Он изучил невидимые зеркала, вынул из кармана черные очки, протер и надел.
— Теперь порядок. Раттиган… эти имена… что она, совсем рехнулась? Если по-честному, она бывала когда-нибудь нормальной?
— В открытом море. Слышал, она плавала с тюленями, тявкала по-тюленьи, свободная как ветер.
— Может, лучше бы она там и оставалась.
— Герман Мелвилл, — пробормотал я.
— Что-что?
— «Моби Дика» осилил за несколько лет. Мелвиллу нужно было оставаться в море, вместе с Джеком, его преданным другом. Земля? На берегу его душа рвалась на части. Старел тридцать лет на таможенном складе, полумертвый.
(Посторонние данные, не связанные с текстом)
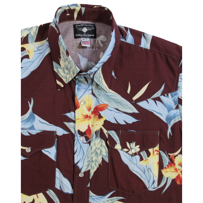 This Floral Print has a striking contrast of mahogany red with light blue and soft yellow print accents in a light fabric that feels cool and wears like silk. Western cut with snaps and two flapped pockets. Available up to 3XL and Made in USA. 100% cotton!

— Бедный сукин сын, — прошептал Генри.
— Бедный сукин сын, — тихо повторил я.
— А Раттиган? Думаешь, ей бы надо жить в море, а не в ее причудливом доме на берегу?
— Он большой, яркий, белый и красивый, но то гробница, полная призраков. Как те кинофильмы наверху, сорок футов высотой, пятьдесят лет шириной, как эти зеркала и женщина, которая, непонятно почему, их ненавидит.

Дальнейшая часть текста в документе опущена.